▶ Your assignment:
Starting with the line that contains "Penghargaan itu diberikan", give again exactly and only each line through the end of the records; include the last line and exclude pictures.

▶ Data records:
○ ○ ○

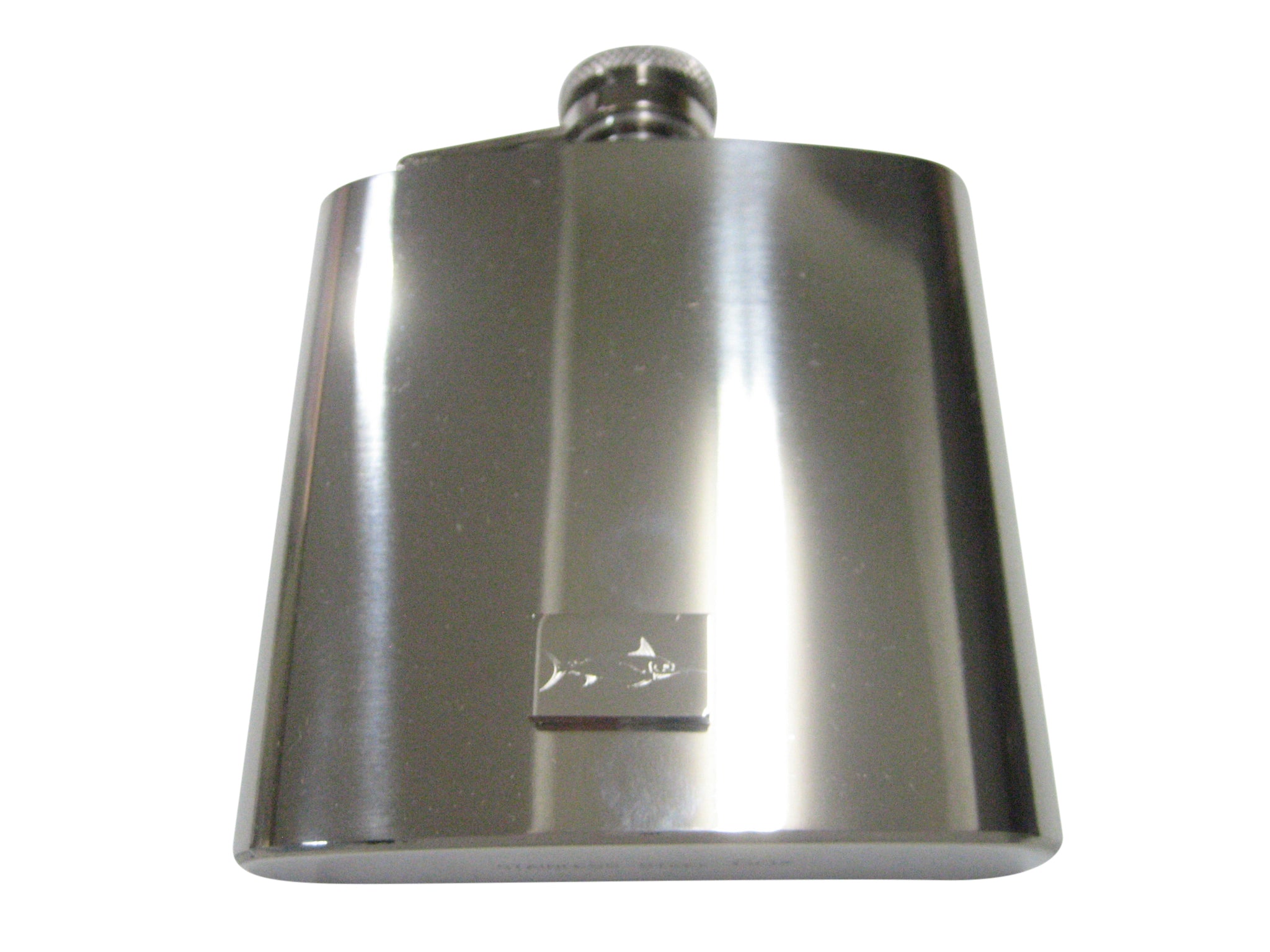 Silver Toned Etched Rectangular Marlin Sailfish 6oz Flask
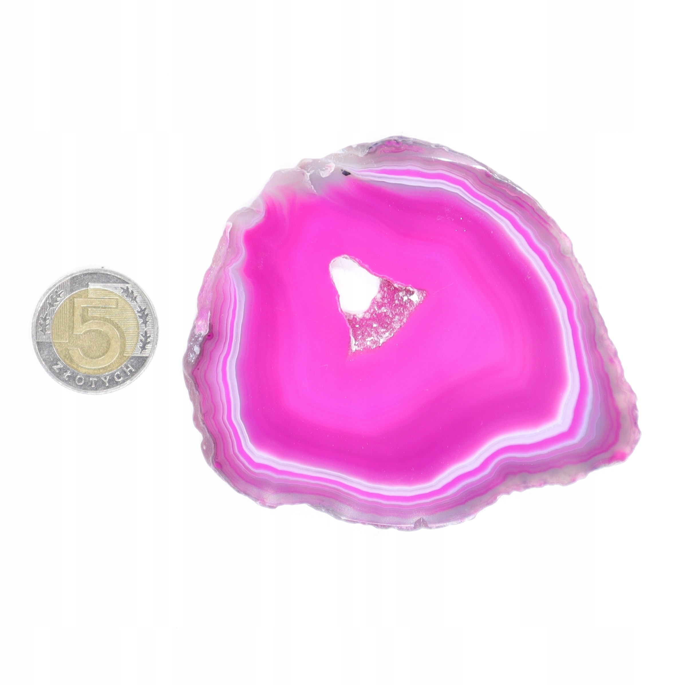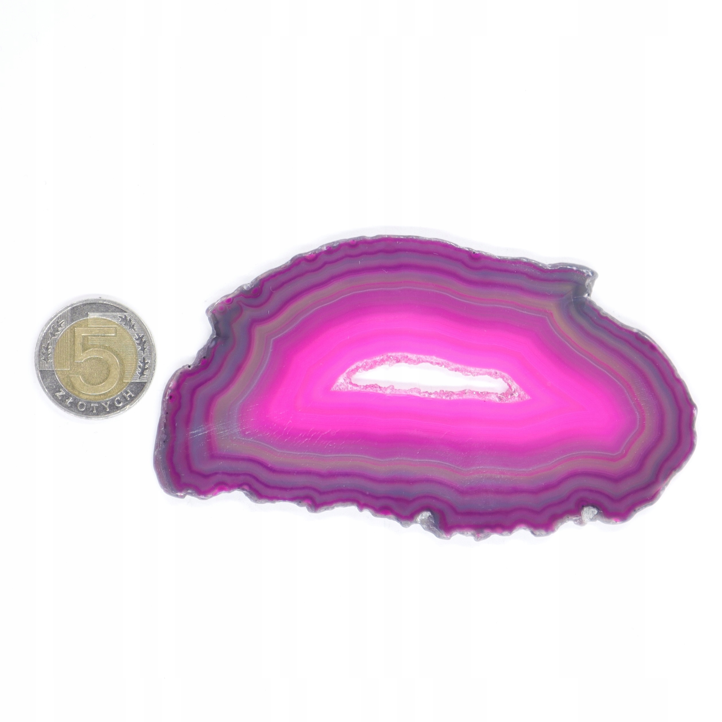 Plastry cięte z naturalnego agatu polerowane barwione na różowo. Plastry różnią się odcieniem, wzorem i rozmiarem.
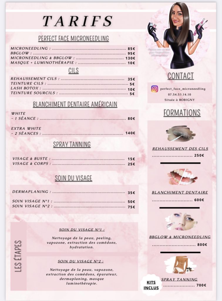 Reservation sur acompte pour les prestations suivante , rehaussement des cils teinture des cils , lash botox , soins microneedling soins bb glow soins du visage en profondeur, Dermaplaning ou encore un blanchiment dentaire Americain , ,n’hesitez plus , retrouvez moi sur Instagram egalement : perfect_face_microneedling
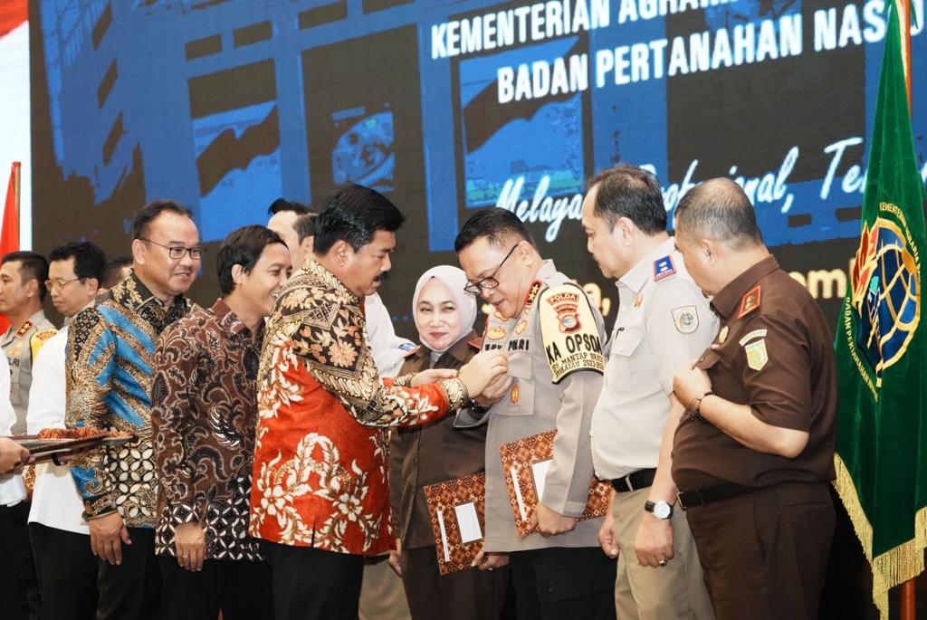 Penghargaan itu diberikan Kementerian Agraria Hadi Tjahjanto kepada Kapolda Lampung Inspektur Jenderal (Irjen) Helmy Santika di Hotel Grand Mercure, Jakarta, Rabu (8/11/2023).
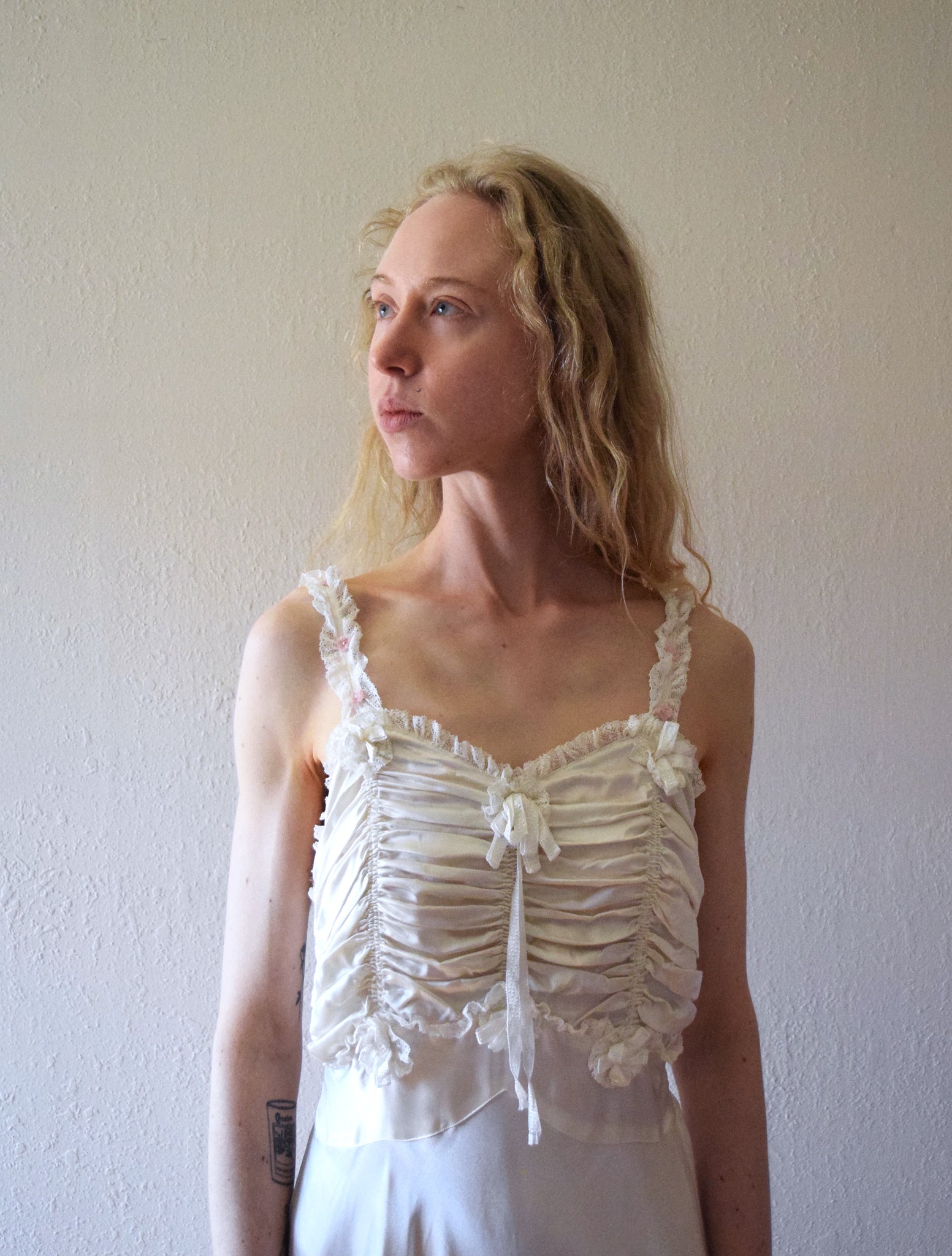 A late 1930s satin gown with a full skirt and gathered bodice. The skirt of the gown has lace trim and comes up slightly in the front. The bodice of the gown has lace trim as well as decorative lace bows and flowers made from lace and ribbon. The straps have lace trim as well as tiny pink decorative flowers. The gown fastens with a side snap and has attached waist ties. The fabric feels like rayon satin and is a darker ivory/lighter cream in color.

○ ○ ○

▶ Output for this exercise:
 Penghargaan itu diberikan Kementerian Agraria Hadi Tjahjanto kepada Kapolda Lampung Inspektur Jenderal (Irjen) Helmy Santika di Hotel Grand Mercure, Jakarta, Rabu (8/11/2023).
 A late 1930s satin gown with a full skirt and gathered bodice. The skirt of the gown has lace trim and comes up slightly in the front. The bodice of the gown has lace trim as well as decorative lace bows and flowers made from lace and ribbon. The straps have lace trim as well as tiny pink decorative flowers. The gown fastens with a side snap and has attached waist ties. The fabric feels like rayon satin and is a darker ivory/lighter cream in color.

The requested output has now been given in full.